Investors: ‘ride the storm’

2008-05-22 00:00

INVESTORS who are struggling to cope with volatility in the markets have been urged to “ride out the storm” until the cyclical downturn — which is expected to last for 12 to 18 months — has run its course.

This was one of the key messages to emerge out of a high-level Harvard House/Witness investment conference held in Pietermaritzburg yesterday.

“South Africa, 2010 and Beyond: Opportunities and Risks” was an initiative of Harvard House Group in association with The Witness and Weekend Witness.

Sanlam Glacier and Franklin Templeton also came aboard as co-sponsors of the event, which was the brainchild of midlands-based wealth management company Harvard House.

Arthur Kamp, research economist from Sanlam Investment Management, told The Witness that South Africa offers exciting investment opportunities in the medium to long-term.

He said the local market has the potential to deliver good returns within this timeframe.

“If you are already invested in the market, hold them [your investments] because they have already been so beaten down,” said Kamp.

He added that investors who are looking for returns in the short term during the downward cycle will no doubt be disappointed during the next 12 months.

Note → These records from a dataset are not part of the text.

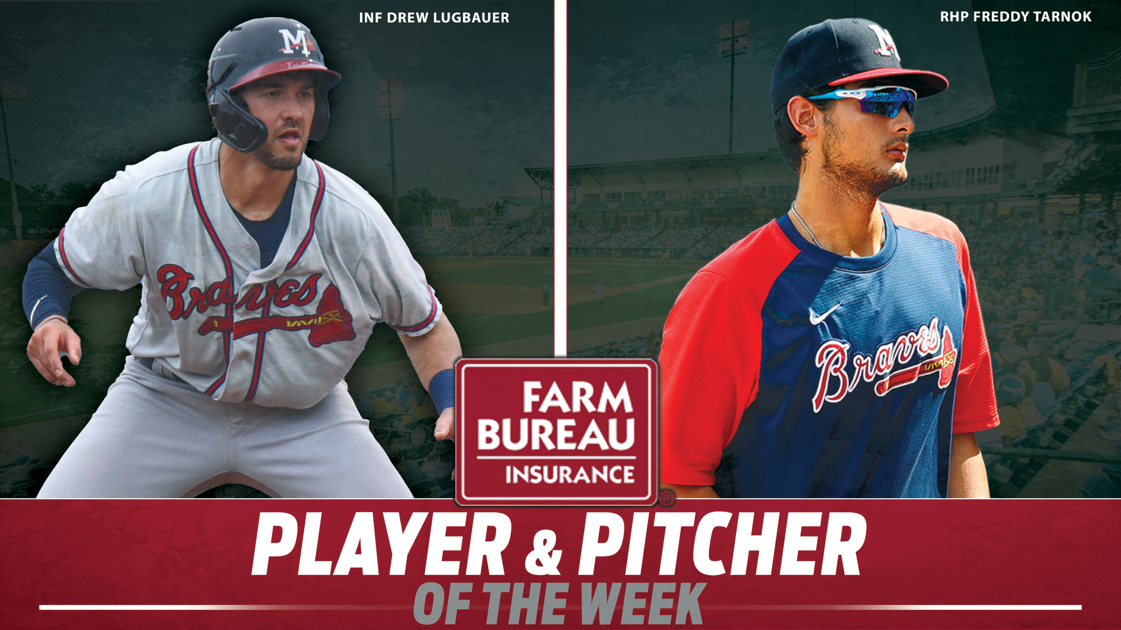 PEARL, MS - The Mississippi Braves and Farm Bureau are excited to announce that infielder Drew Lugbauer and starting pitcher Freddy Tarnok has been named Farm Bureau Pitcher and Player of the Week.
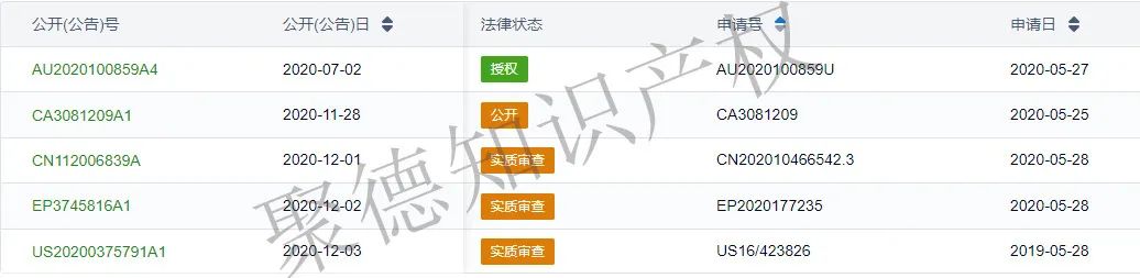 目前,SUNBEAM PRODUCTS, INC申请了与上述产品相关的专利:US20200375791A1,并且以该专利为优先权,分别在澳大利亚、加拿大、中国、欧洲布局了专利申请,申请国家及进度如下图所示:
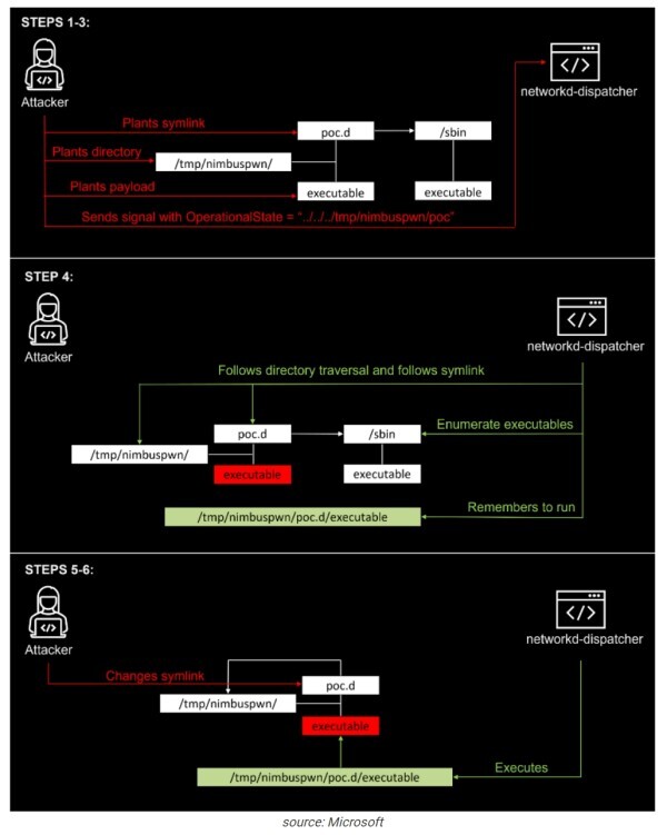 CVE-2022-29799 및 CVE-2022-29800으로 추적되는 Nimbuspwn 보안 문제는 Linux 시스템에서 연결 상태 변경을 전송하는 구성요소인 networkd -dispatcher 에서 발견되었습니다.

He advised that investors follow three key principles in order to weather short-term cyclical storms:

• diversify across asset classes;

• do not try to time the market;

• apply a long-term horizon.

Michael Porter, Harvard House Group’s chief investment officer, noted that people should focus primarily on investments that produce income.

“If you rely solely on capital gains, then you can get burnt, as is the case now,” he said.

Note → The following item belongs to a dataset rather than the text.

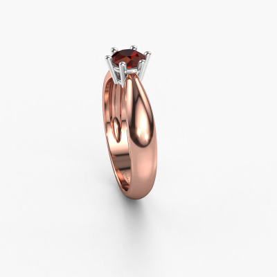 Der oben gezeigte Verlobungsring wird Fay genannt. Wir nennen das einen Solitär-Ring, denn er hat einen einzelnen Edelstein. Es ist ein 14 Karat Roségold Verlobungsring, mit 5 mm rund Granat. Dieser traditionell Roségold Solitär-Ring mit exquisitem, rund Granat ist ein schöner Verlobungsring. Die offenen Krappen ermöglichen, dass Licht aus mehr Winkeln auf den Edelstein trifft. Der Ring besticht auch durch die hohe Positionierung des Edelsteins. Denn Granat symbolisieren wahre Liebe und Reinheit und machen sie damit zum perfekten Geschenk für die Liebe Ihres Lebens. Das Symbol der ewigen Liebe ist das Herzstück dieses Solitär-Rings. Wie ein Granat haben auch alle anderen Arten von Edelmetallen ihre eigenen, zugeschriebenen symbolischen Bedeutungen. Diese Solitär Verlobungsring können Sie selbst zusammenstellen in verschiedenen Edelmetall Kombinationen. Dieser hat die Kombination 14 Karat Roségold mit Weißgold. Jedes Schmuckstück wird von unseren Meister-Goldschmieden in unserem eigenen Studio für Sie gefertigt.Durch die Kombination modernster Technik mit uralter Handwerkskunst können wir alle Verlobungsringe in unserem eigenen Studio anfertigen. Jedes Schmuckstück wird auf Anfrage gefertigt. Das ist vorteilhaft, weil wir Ihnen dadurch einen Preis anbieten können, den Sie nirgendwo anders finden.Haben Sie irgendwo einen bestimmten Verlobungsring gefunden, den Sie Ihrem Liebsten schenken möchten? Sie können uns gerne sagen, was Sie wollen und wir werden Ihr Design in einen Einzigartigen traditionell Verlobungsring verwandeln. Sie können die Entwicklungen Ihres Ringdesigns verfolgen, da wir 3D-Zeichnungen verwenden. Das gibt Ihnen eine realistische Vorschau, wie Ihr Design aussehen wird. Sie können auch einen Dummy vorbestellen. Ein Dummy ist ein Kunststoffring, der nach Ihrem Ringdesign gestaltet werden kann. Sie können ihn anprobieren und prüfen, ob seine Breite und Größe für Sie geeignet sind. Wir senden Ihnen gerne ein unverbindliches Angebot zu einem fairen Preis/Leistungsverhältnis. Sie werden in Anbetracht der Qualität des Rings und der Edelsteine überrascht sein.Um es einfacher zu machen, bieten wir eine kostenlose 30-tägige Rücksendung.
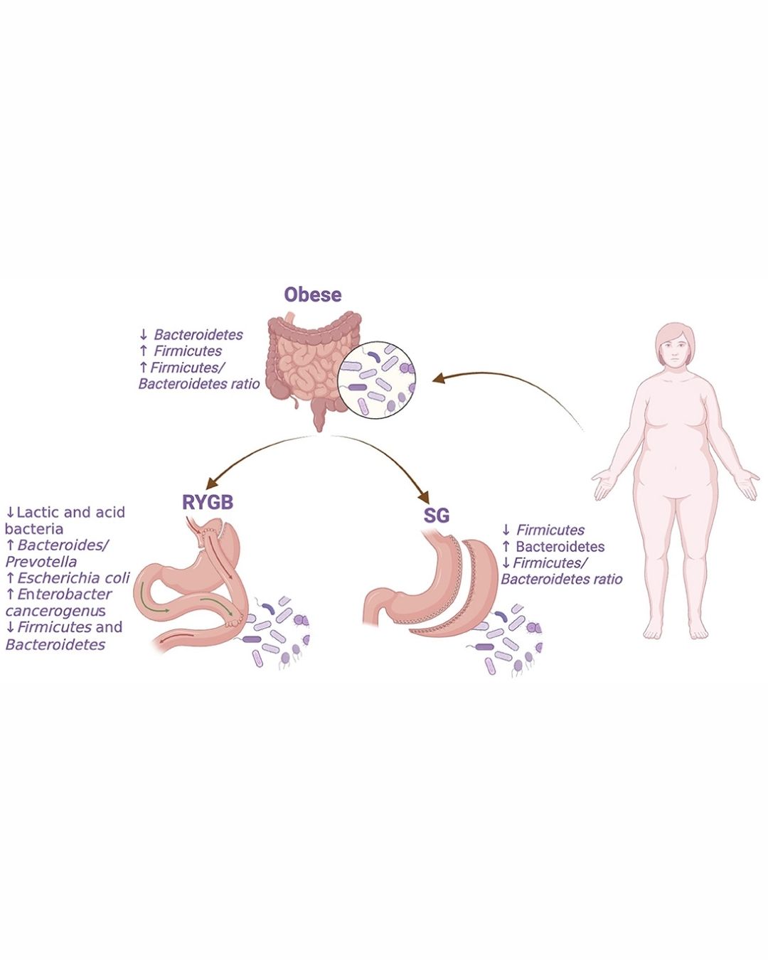 RYGB and SG are the most prevalent procedures globally, inducing gut microbiota changes that influence microbial diversity and abundance. Post-surgery, alterations in bacterial communities occur, such as the increased of <jats:italic>Escherichia coli inversely correlated with fat mass and leptin levels. During digestion, microbiota produce physiologically active compounds like bile acids (Bas) and short-chain fatty acids (SCFAs). SCFAs, derived by microbial fermentation, influence appetite, energy metabolism, and obesity-related pathways. Bas, altered by surgery, modulate glucose metabolism and insulin sensitivity.

Porter added that investors who remain in the fray stand to gain once the dust has settled.

“You want to be there when the cycle turns [for the better]. Whatever you lose now will be more than recovered when the upswing begins,” said Porter.

The morning session was kicked off by outspoken political analyst Moeletsi Mbeki who warned that South Africa is not pursuing the correct economic policies: “Goldman Sachs has, I think rightly, predicted that 30 years from now South Africa will be nowhere near the dominant economic position it occupies in Africa today.

“The fastest growing sectors of the economy do not export and they absorb the least amount of labour. These are financial services, real estate, business services, construction, trade and transport and communications. The sectors that are the leading exporters and thus should absorb the most labour — manufacturing and mining — are in fact declining.”

The conference speaker list also included:

• Dr Mark Mobius of Franklin Templeton, known as the “emerging markets guru”.

• David Lewis, CEO of the Diversified Property Group.

• Murray Morrison, a top-rated technical analyst from JP Morgan.